This test measures the consistency of grease. Harder grease will have
a low NLGI rating number such as 00 or 1. Most industrial greases penetrate in the 265-295
ranges and have a NLGI rating of 2.
Dropping Point of Lubricating Greases
(ASTM D566)
A grease sample is heated in the dropping point apparatus. The point
where the grease starts separating and the oil drops out of the apparatus is the dropping
point. The temperature is measured in degrees Celsius.
This test is a determination of the maximum operating temperature of
grease.
% Sediment in Lubricating Oils
An oil sample is well shaken and dissolved in a solvent at a 1:1
ratio. The solvent: oil mixture is well shaken and 100 mls of sample is poured into two
centrifuge tubes. The tubes are placed in the centrifuge at opposite ends and spun for 30
minutes. The sediment collected on the bottom is calculated and multiplied by two to give
the total percentage of sediment in the oil.
This test is an excellent determination of sediments suspended in
lubricating oil. Excessive amounts of sediments can impede oil capability
FERROGRAPHY & OIL
ANALYSIS
Ferrographic wear particle analysis is a
machine condition analysis technology that is applied to lubricated equipment. It provides
an accurate insight into the condition of a machine's lubricated components by examining
particles suspended in the lubricant.
By trending the size, concentration, shape, and composition
of particles contained in systematically collected lubricant samples, abnormal
wear-related conditions can be identified at an early stage.
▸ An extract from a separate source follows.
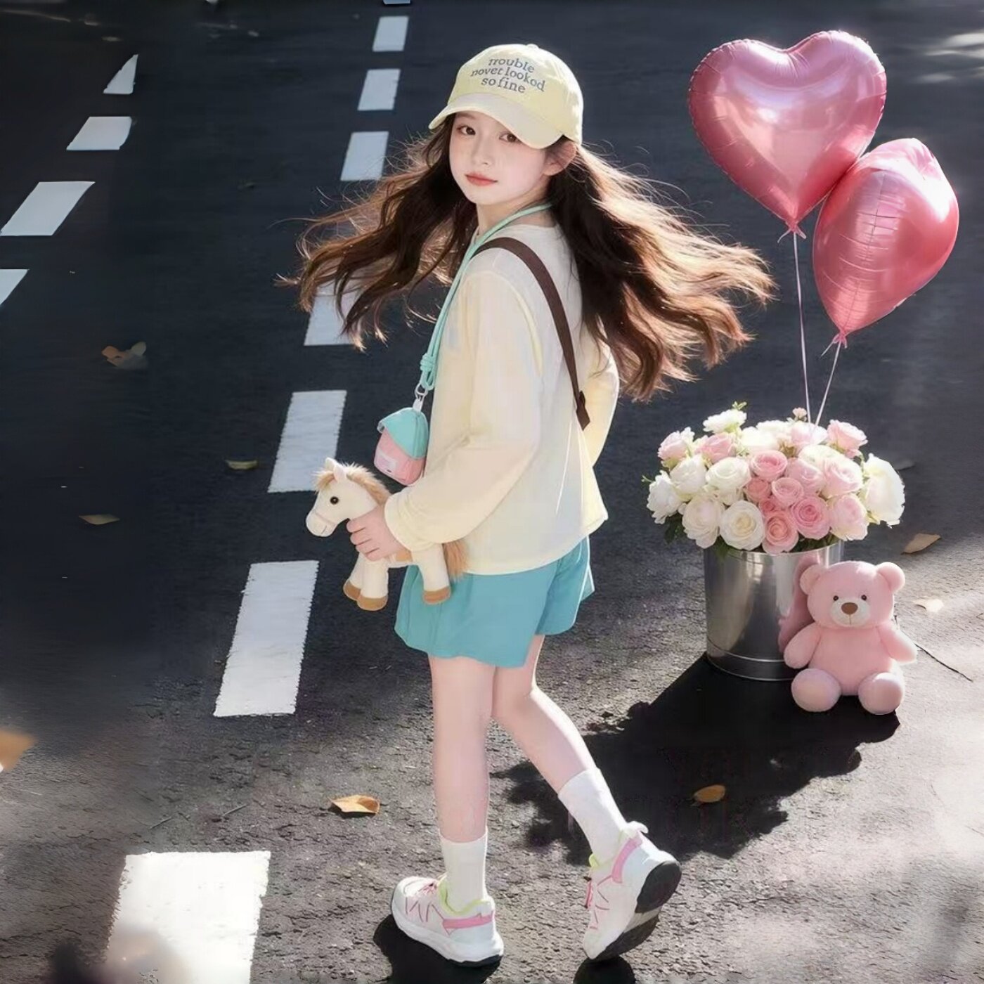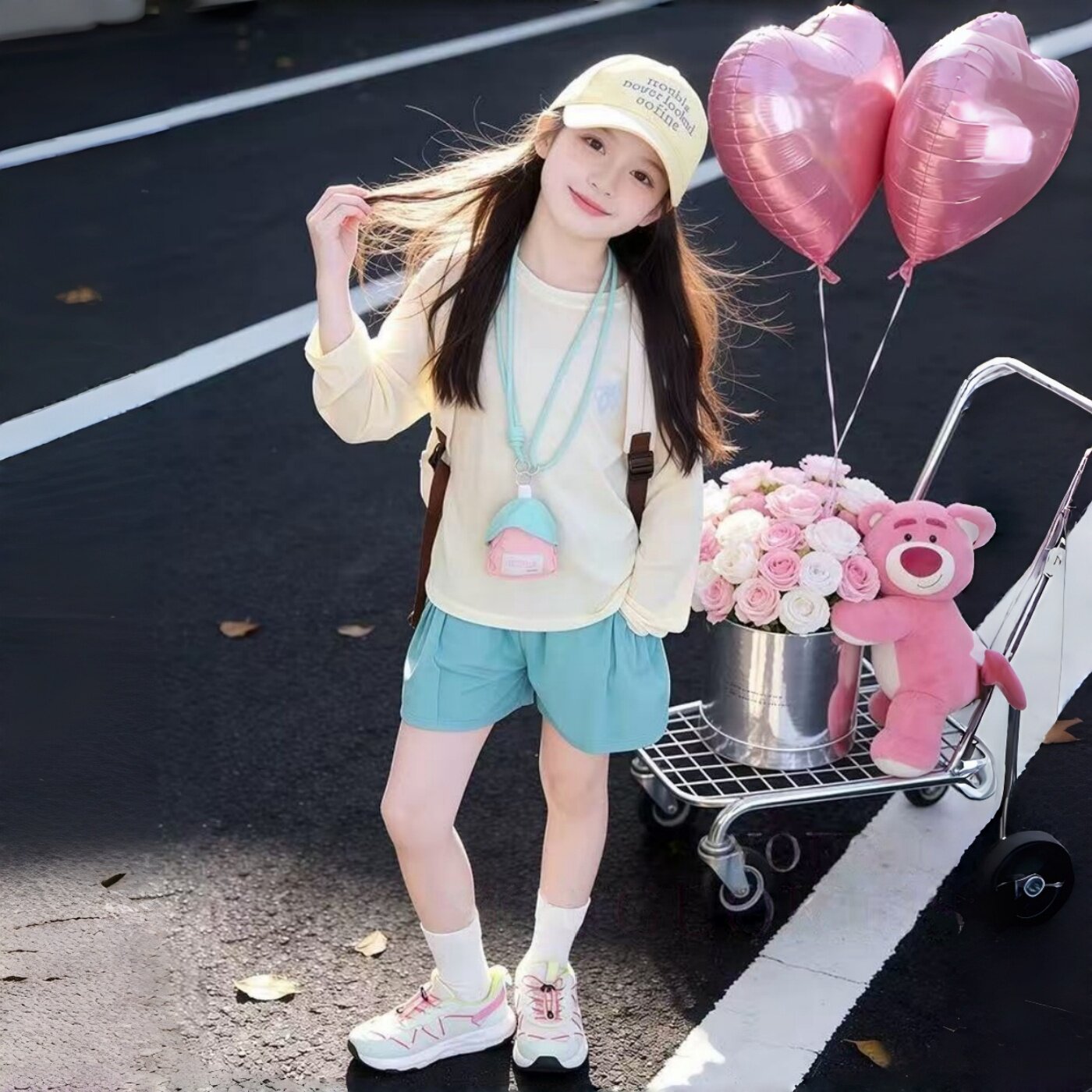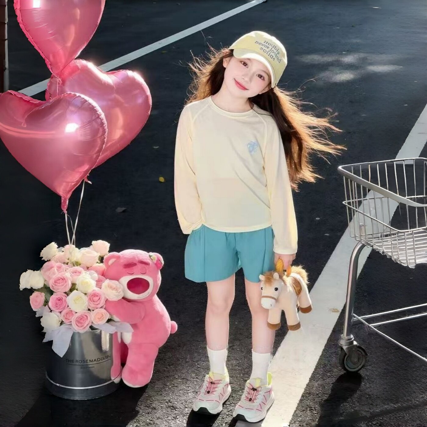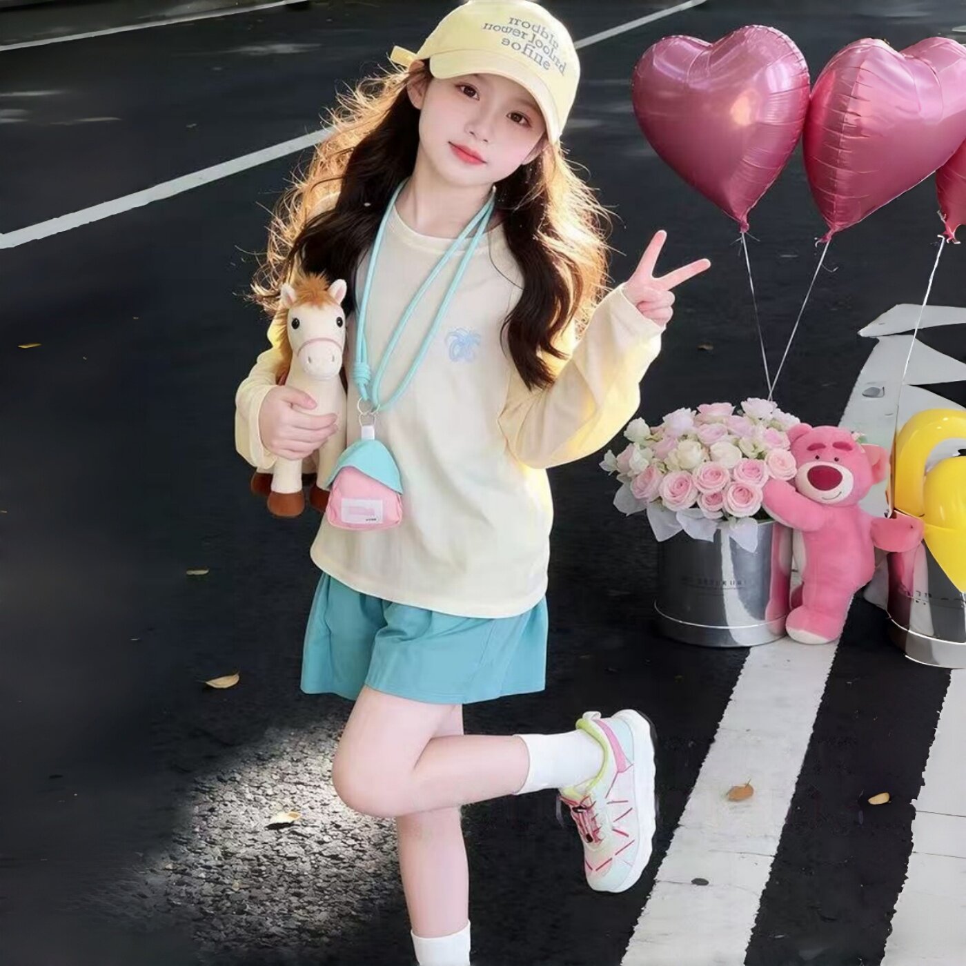 女童装夏季时髦洋气套装中大儿童女孩多巴胺长袖T恤短裤两件套潮
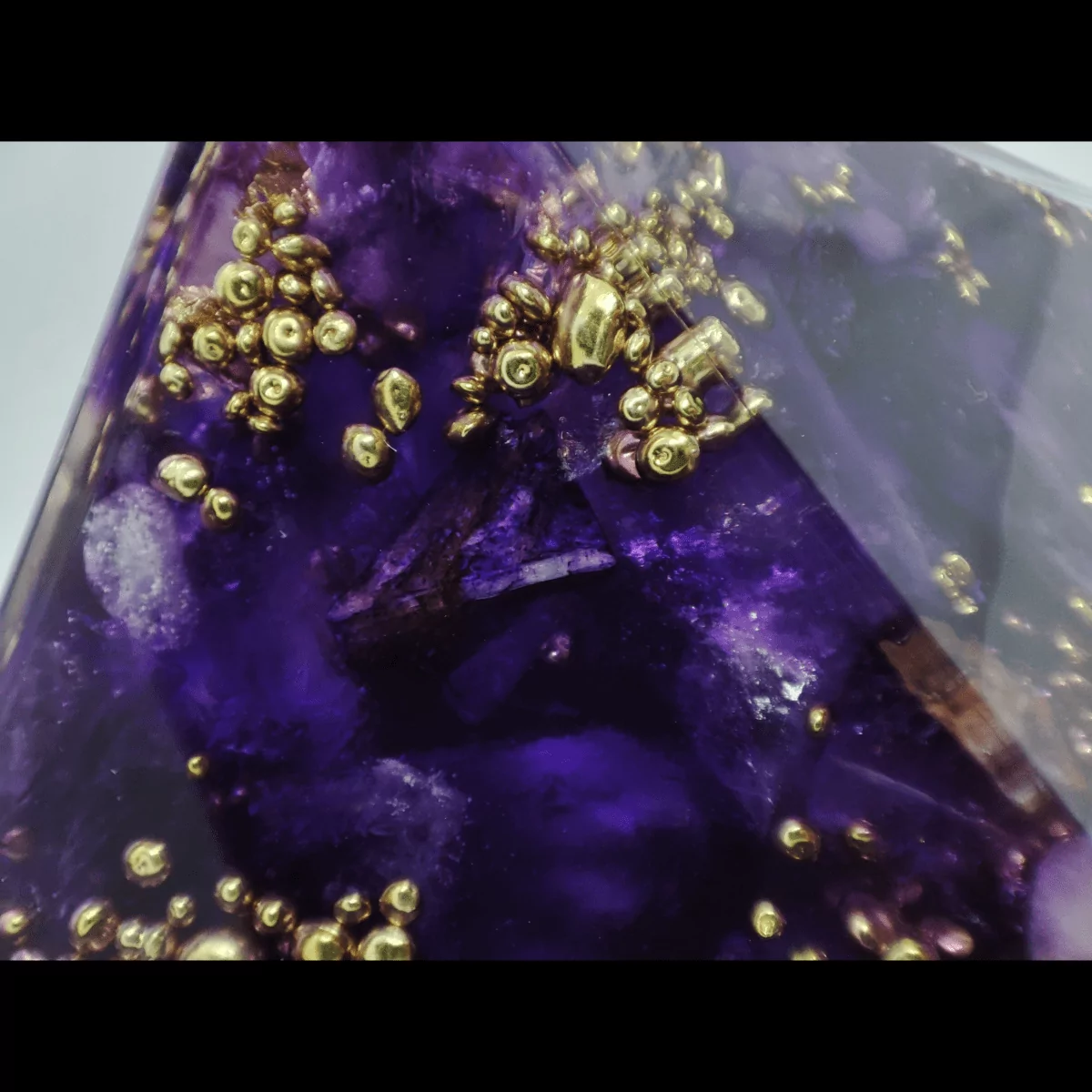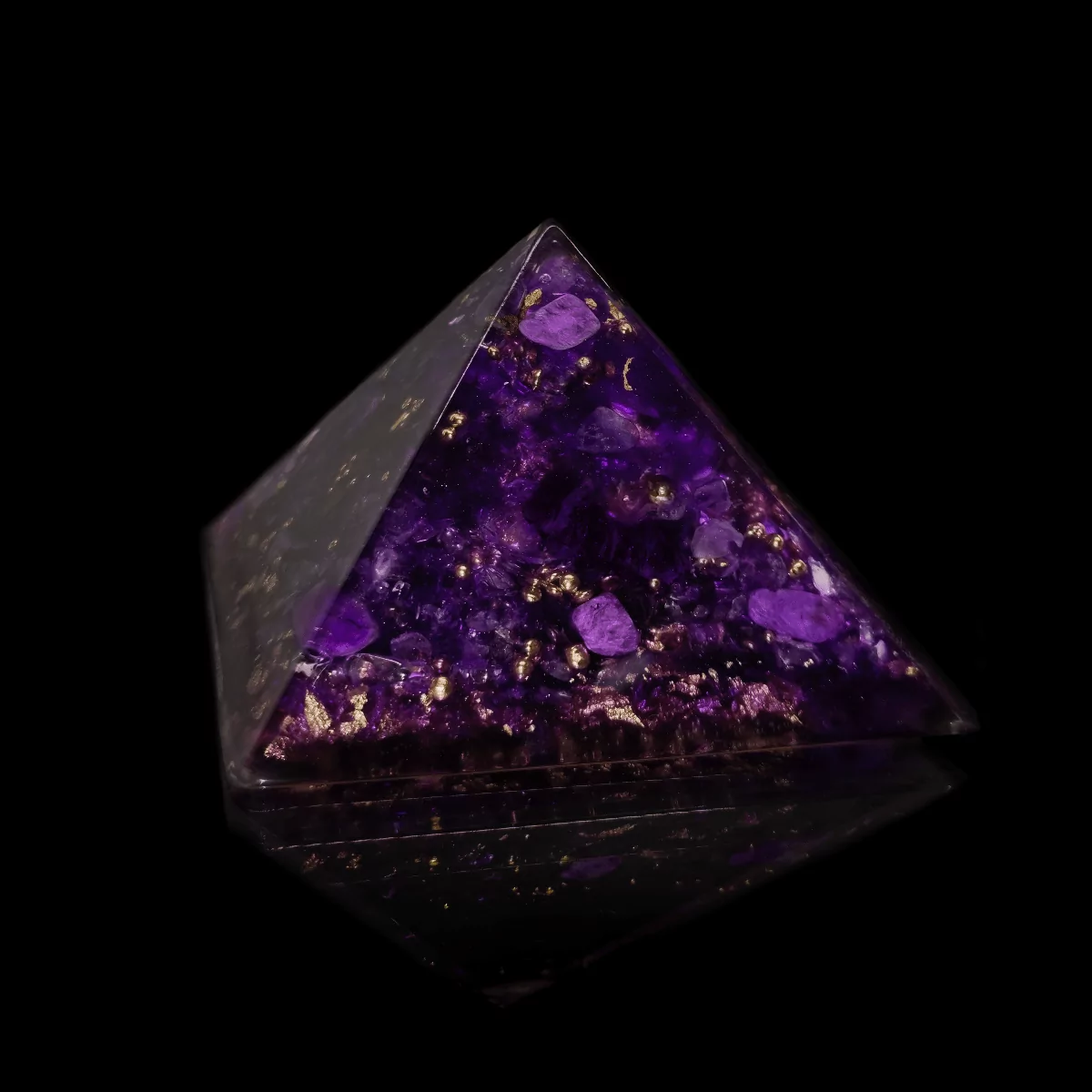 Was diese Orgonit Pyramide zusätzlich auszeichnet ist ihr Innenleben, welches aus einem alchemistisch hergestellten trigonalen Energiekristall besteht. Dieser wird aus Basisedelsteinen, Kupfer, Metalllegierungen & einer Energiespirale gefertigt und anschließend mit 24K-Gold und Messing platiert.

Wear particle analysis complements vibration analysis
by providing, in many cases, much earlier fault detection and is less susceptible to the
limitationsimposed by slowly rotating
or reciprocating equipment. PREDICT acquired ferrographic wear
particle analysis technologies in the early 1980's and has been the primary developer of
this condition monitoring tool. Currently, we operate the world's largest commercial
ferrography laboratory. Our systems and procedures have evolved over time, not merely
keeping pace with technology, but driving it.
What you can't see can hurt your machinery. Large wear particles (of 10 microns or larger)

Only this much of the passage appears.